Quote of first source :
In addition to the soft hyphen, there is also a hard hyphen (‐ or ‐) which always renders, and a nonbreaking hyphen character (‑ or ‑), for hyphens that do not break words across lines.
Comment 6 gordon.lack 2012-01-22 04:13:56 UTC
>> shouldn't it be "#8208" instead of "8209"

No!  As your quote notes, &#8209 is the nonbreaking hyphen character, which *is* what is needed here!  That is a hyphen which is *always* displayed but *never* breaks.

A soft-hypehn is one at an optional break which is only displayed if the break occurs, while a hard-hyphen is one which is always displayed even if there is no break - but a break is allowed.  So both of these allow breaks.  The whole point of a non-break hyphen is to prevent breaking, while still displaying a hyphen
Comment 7 gordon.lack 2012-01-22 04:38:38 UTC
I can confirm that this bug still exists in:

 LibreOffice 3.5.0rc1 
 Build ID: b6c8ba5-8c0b455-0b5e650-d7f0dd3-b100c87
Comment 8 Caolán McNamara 2012-05-09 05:56:00 UTC
Sorry for the insane delay, fell through the cracks :-(. pushed now, bug was in since very initial commit in 2000

Mailing to the libreoffice@lists.freedesktop.org list is the best route to get a patch looked at FWIW
Comment 9 gordon.lack 2012-05-09 13:47:49 UTC
>> caolanm->gordon: can you confirm your patch is under our preferred LGPLv3+/MPL+ license combination ?

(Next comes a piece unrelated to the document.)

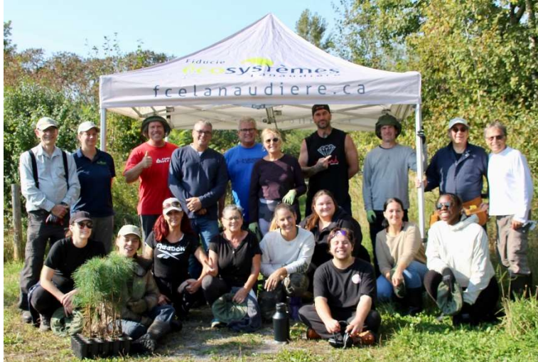
Activité de plantations du 13 septembre 2024 avec La Hutte

Durant l'été et l'automne, six activités éducatives familiales ont eu lieu dans les deux réserves naturelles de la FiCEL à Sainte-Émèlie-de-l'Énergie et à L'Assomption. Au menu : découverte des écosystèmes forestiers et des milieux humides, trucs et astuces pour identifier les arbres, conseils pour fabriquer un herbier, plantation et fabrication d'hôtels à insectes et de nichoirs à chauves-souris. À la Vallée de la rivière Noire, la cabane à sucre opérée par la FiCEL, Carcajou, s'est transformée pour l'occasion en atelier pour ébénistes, grands et petits. Ces activités se sont tenues en partenariat avec le Conseil régional de l'Environnement de Lanaudière, grâce à une subvention du CREVALE (Comité régional pour la valorisation de l'éducation).
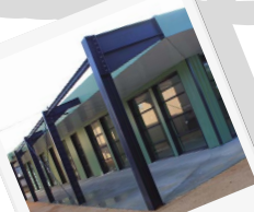
2012 Ecole Marignac Saint Christol les Alès

Yes - that's fine.  I'm happy to transfer all ownership to you (or anyone) to do with as you wish, so that will do.
Comment 10 Caolán McNamara 2012-05-09 14:55:59 UTC
great, thanks, added you to...
if you want to review those details in case I got them wrong.

It's insanely wrong the patch lingered so long, apologies.